Segment Open
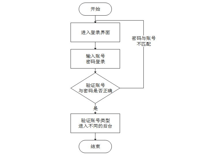 登录流程是该体系的第一个流程,登录的第一步是输入账号、密码登录,系统会验证账号与密码是否正确,正确时系统会判断账号类型再进入不同的后台;不正确时,会返回到登录的第一步,输入用户重新执行登录流程。该流程如图3-4所示。
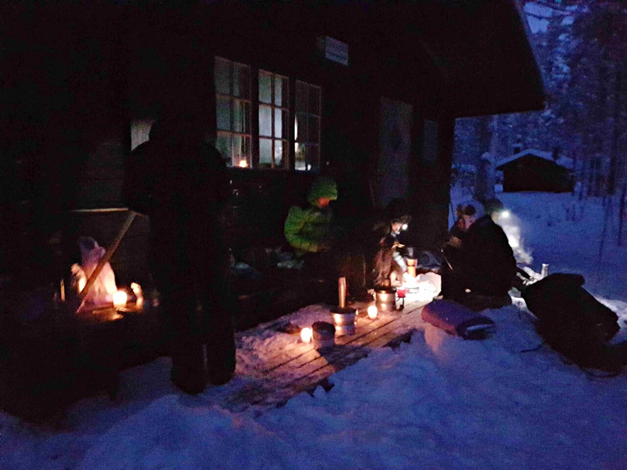 När vi började bli lite för kalla började vi åka tillbaka och två av killarna började tävla i baklängesåkning. Vår gruppledare som var en av dom, fick problem och ramlade omkull baklänges med skidorna spretandes upp i luften, två andra försökte hjälpa honom att räta upp skidorna och komma på fötter. När vi såg gruppledarens ormande för att komma på rätt köl igen brast vi alla ut i ett härligt gapskratt som höjde vårat humör. Med sina vänners hjälp kom han på fötter igen och vi tog oss glada tillbaka till stugan. Vi uppehöll oss i närheten av stugan under dagen och tittade på de vackra snötäckta träden. Under Muddusturen hade vi också i uppdrag att berätta om ett ämne vi valt och den här dagen var det min tur. Jag hade valt att läsa på om solen och dess effekter på jorden och klimatet, vilket för mig varit mycket intressant att läsa på om. Efter den lilla genomgången hade vi en kort klimatdiskussion och mitt intresse av ämnet ökade lite till. Efter mörkrets inbrott såg vi plötsligt något lysa svagt mellan träden. Det höll oss sysselsatta ett tag att fundera på vad det kunde vara. Ljuset tycktes försvinna ibland och sedan komma tillbaka. Några av oss tyckte att det var våra egna rörelser som gjorde att det försvann och andra menade att det var ljuset som rörde sig, och vi spekulerade i om det var månen som reste sig bakom träden. Det visade sig vara vår lärare med sin pannlampa som överraskade oss med att redan tagit sig hela vägen till stugan!
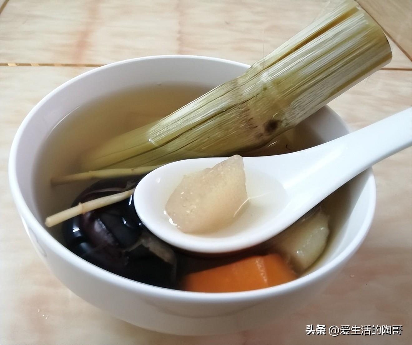 茅根竹蔗馬蹄水由白茅根、甘蔗和馬蹄(荸薺)等原料經過煮燉製成。幾種食材一起搭配,營養互補,是冬季一道養人湯。不僅可以清熱解毒、利尿消腫,還可以滋陰潤燥,治療嗓子疼痛,減輕炎症,咽喉腫痛等症狀有一定的緩解作用。
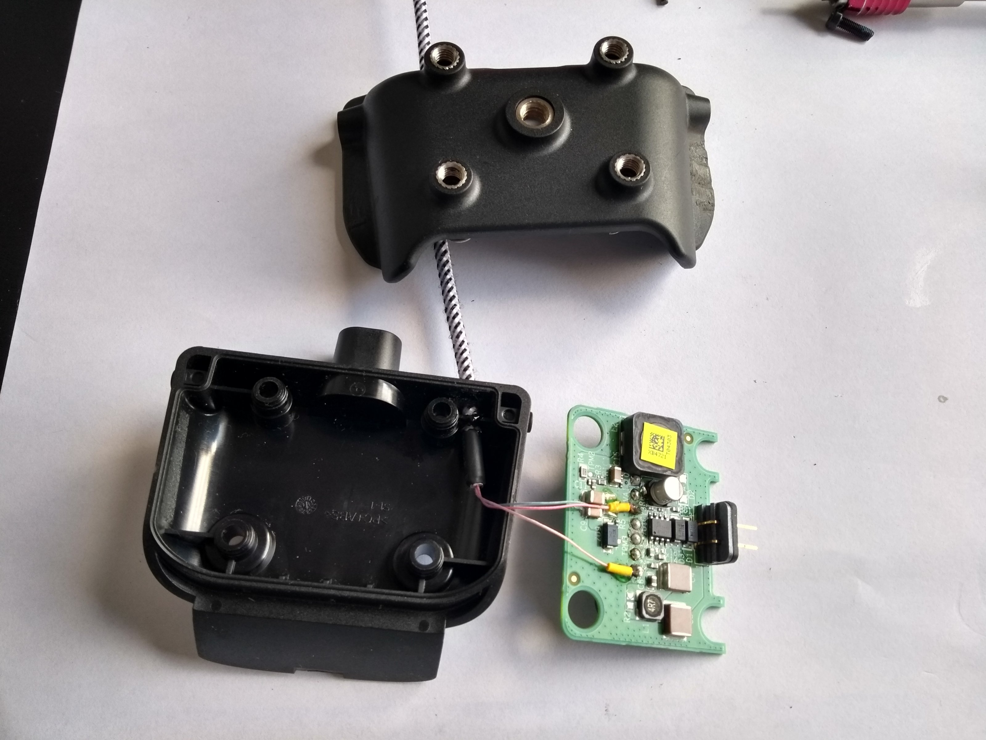 Da der TomTom Rider 2013 die Sprachausgabe über die Pins bei der Autohalterung ausgibt, nutze ich genau diese Pins für mein externen BT-Sender.
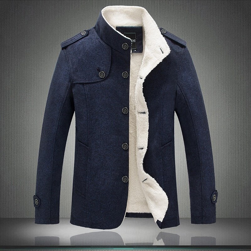 Highlights [Fabric]: Crafted from a durable polyester fabric, this men's winter jacket offers excellent thermal warmth and a cozy fleece interior, perfect for keeping you comfortable throughout the fall and winter seasons. [Fit]: The regular outerwear length and slim-fit silhouette provide a modern, sophisticated look that suits various styles, from casual to fashion-forward streetwear. [Design Highlights]: Featuring a stand collar and a single-breasted placket, this jacket is both fashionable and functional. The military-inspired shoulder epaulets add a touch of character, while the adjustable buttoned cuffs allow for a customizable fit. Convenient pockets add practicality to this sleek design. [Occasions]: Ideal for vacations, daily wear, or an evening out, this jacket is versatile enough for any setting. Whether you're going for a casual look or dressing up for a night out, this piece enhances your style with its plain yet fashion-forward design. [Size Range]: Available in a wide range of sizes, including XS, S, M, L, XL, 2XL, 3XL, and 4XL, ensuring there's a perfect fit for everyone. Choose from classic color options such as Dark Gray, Dark Blue, Light Grey, and Khaki. Perfect for everyday use. superior materials and excellent craftsmanship ensure long-lasting durability.
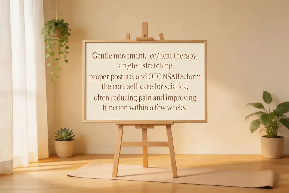 Gentle movement, such as short walks and light stretching, helps keep back muscles from tightening and can reduce pressure on the sciatic nerve. is a cornerstone of sciatica self‑care. Short walks, light housework, or any low‑impact activity keep the back muscles from tightening, promote circulation, and lessen pressure on the irritated sciatic nerve. Most patients notice reduced pain and improved function within a few weeks when movement is performed consistently.
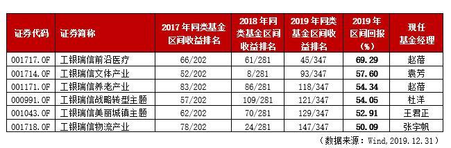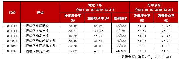 Wind统计显示,工银瑞信旗下工银文体产业、工银前沿医疗、工银物流产业、工银美丽城镇、工银战略转型和工银养老产业这6只股票型基金,在2017年度、2018年度、2019年度的业绩排名均至少位居同类前1/2,在刚刚结束的2019年,均实现了50%以上的投资回报。
Segment Closed
EXERCISE: Pictures don't belong in the copy. Restate all the entries exactly.

SOLUTION BELOW:
 登录流程是该体系的第一个流程,登录的第一步是输入账号、密码登录,系统会验证账号与密码是否正确,正确时系统会判断账号类型再进入不同的后台;不正确时,会返回到登录的第一步,输入用户重新执行登录流程。该流程如图3-4所示。
 När vi började bli lite för kalla började vi åka tillbaka och två av killarna började tävla i baklängesåkning. Vår gruppledare som var en av dom, fick problem och ramlade omkull baklänges med skidorna spretandes upp i luften, två andra försökte hjälpa honom att räta upp skidorna och komma på fötter. När vi såg gruppledarens ormande för att komma på rätt köl igen brast vi alla ut i ett härligt gapskratt som höjde vårat humör. Med sina vänners hjälp kom han på fötter igen och vi tog oss glada tillbaka till stugan. Vi uppehöll oss i närheten av stugan under dagen och tittade på de vackra snötäckta träden. Under Muddusturen hade vi också i uppdrag att berätta om ett ämne vi valt och den här dagen var det min tur. Jag hade valt att läsa på om solen och dess effekter på jorden och klimatet, vilket för mig varit mycket intressant att läsa på om. Efter den lilla genomgången hade vi en kort klimatdiskussion och mitt intresse av ämnet ökade lite till. Efter mörkrets inbrott såg vi plötsligt något lysa svagt mellan träden. Det höll oss sysselsatta ett tag att fundera på vad det kunde vara. Ljuset tycktes försvinna ibland och sedan komma tillbaka. Några av oss tyckte att det var våra egna rörelser som gjorde att det försvann och andra menade att det var ljuset som rörde sig, och vi spekulerade i om det var månen som reste sig bakom träden. Det visade sig vara vår lärare med sin pannlampa som överraskade oss med att redan tagit sig hela vägen till stugan!
 茅根竹蔗馬蹄水由白茅根、甘蔗和馬蹄(荸薺)等原料經過煮燉製成。幾種食材一起搭配,營養互補,是冬季一道養人湯。不僅可以清熱解毒、利尿消腫,還可以滋陰潤燥,治療嗓子疼痛,減輕炎症,咽喉腫痛等症狀有一定的緩解作用。
 Da der TomTom Rider 2013 die Sprachausgabe über die Pins bei der Autohalterung ausgibt, nutze ich genau diese Pins für mein externen BT-Sender.
 Highlights [Fabric]: Crafted from a durable polyester fabric, this men's winter jacket offers excellent thermal warmth and a cozy fleece interior, perfect for keeping you comfortable throughout the fall and winter seasons. [Fit]: The regular outerwear length and slim-fit silhouette provide a modern, sophisticated look that suits various styles, from casual to fashion-forward streetwear. [Design Highlights]: Featuring a stand collar and a single-breasted placket, this jacket is both fashionable and functional. The military-inspired shoulder epaulets add a touch of character, while the adjustable buttoned cuffs allow for a customizable fit. Convenient pockets add practicality to this sleek design. [Occasions]: Ideal for vacations, daily wear, or an evening out, this jacket is versatile enough for any setting. Whether you're going for a casual look or dressing up for a night out, this piece enhances your style with its plain yet fashion-forward design. [Size Range]: Available in a wide range of sizes, including XS, S, M, L, XL, 2XL, 3XL, and 4XL, ensuring there's a perfect fit for everyone. Choose from classic color options such as Dark Gray, Dark Blue, Light Grey, and Khaki. Perfect for everyday use. superior materials and excellent craftsmanship ensure long-lasting durability.
 Gentle movement, such as short walks and light stretching, helps keep back muscles from tightening and can reduce pressure on the sciatic nerve. is a cornerstone of sciatica self‑care. Short walks, light housework, or any low‑impact activity keep the back muscles from tightening, promote circulation, and lessen pressure on the irritated sciatic nerve. Most patients notice reduced pain and improved function within a few weeks when movement is performed consistently.
 Wind统计显示,工银瑞信旗下工银文体产业、工银前沿医疗、工银物流产业、工银美丽城镇、工银战略转型和工银养老产业这6只股票型基金,在2017年度、2018年度、2019年度的业绩排名均至少位居同类前1/2,在刚刚结束的2019年,均实现了50%以上的投资回报。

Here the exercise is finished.